Before hailing a shared taxi back in town, we casually headed back for coffee and cake at the Golden Triangle cafe, where David enjoyed a creme caramel, whilst Gill hovered with Gill gell! However, the shared taxis had finished for the day, now what? We were advised to go to a roundabout outside of town in the increasing darkness and try and find a pick up truck that was heading back to Mandalay. Oh the glamour! Our predicament didn't stop us spotting an old junk shop en route. We went in for a rummage, bought a Buddha, and a few old battered lacquer betel nut boxes and a brass tiger. This turned out to be an investment as on hearing of our predicament, the owner called a friend of a friend and produced a shared taxi! Perhaps there is something in this karma business after all. He was our hero.

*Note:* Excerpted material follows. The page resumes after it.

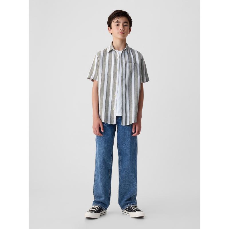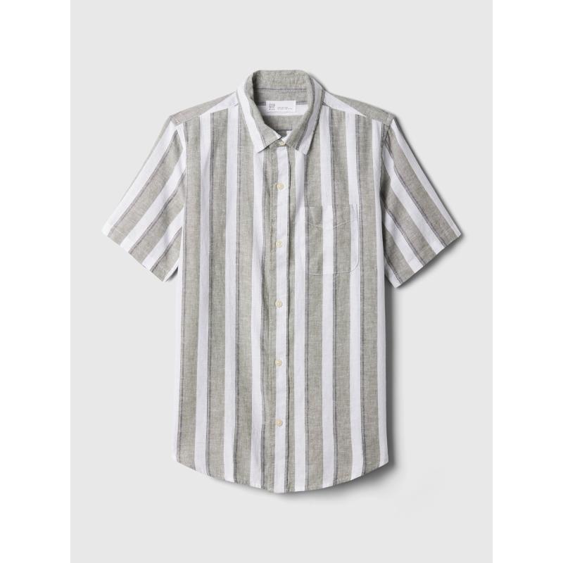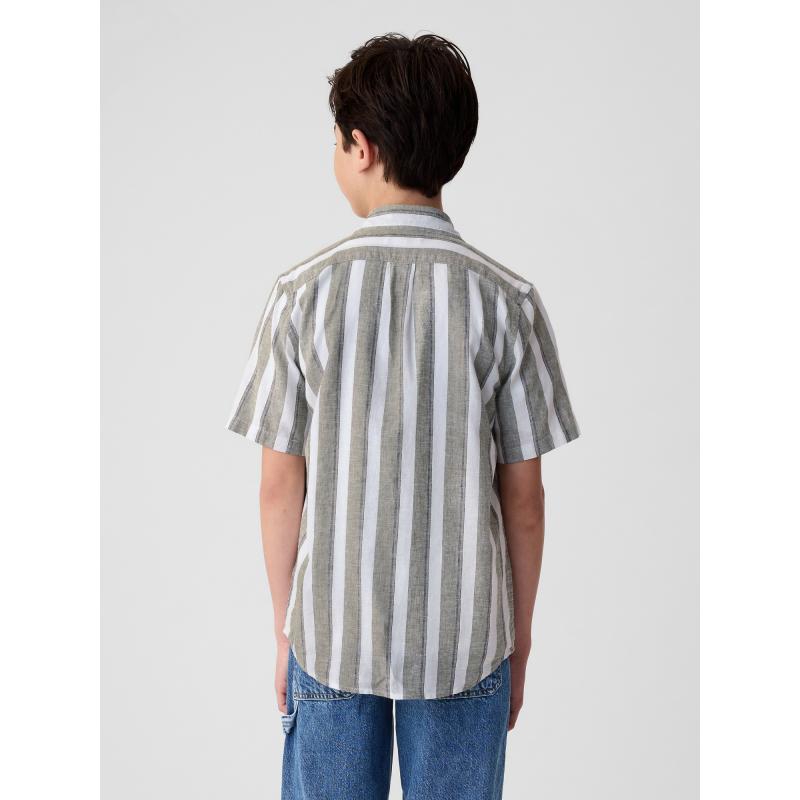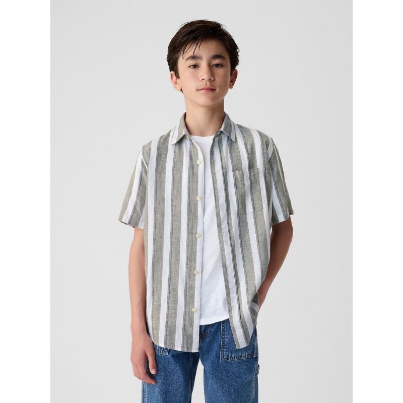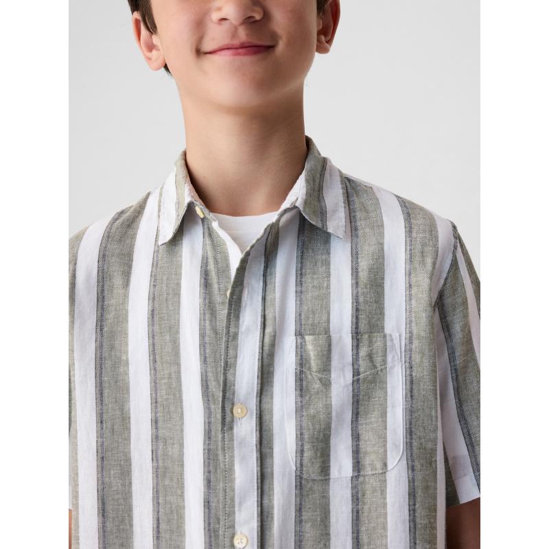 Dětská košile s krátkým rukávem.Materiál len a bavlna.Límeček a zapínání na knoflíčky.Na hrudi našitá kapsa.Barevný pruhovaný vzor.Rovný střih. 55 % len, 45 % bavlna

We were still three stuffed into the cheap seats in the back, and we toured town looking for a fourth, richer person who could afford the front one! We ended up at the hospital and collected a lady who wanted to do the same trip. She spoke no English which was bad luck for us, but she did buy us the most disgusting prawn crackers at a mid way truck stop. They stunk. We sat in the back giggling and pretending to eat them. It was a nice and very generous gesture, even with our dollar issue we probably had much more than she did but to be honest I think we were hysterical with fear to be driving on these roads with only sidelights! Yes, for the return trip, we were driving blind at night...... Never has the road to Mandalay been so hair raising, and never has anyone been so pleased to see the end of the road to Mandalay.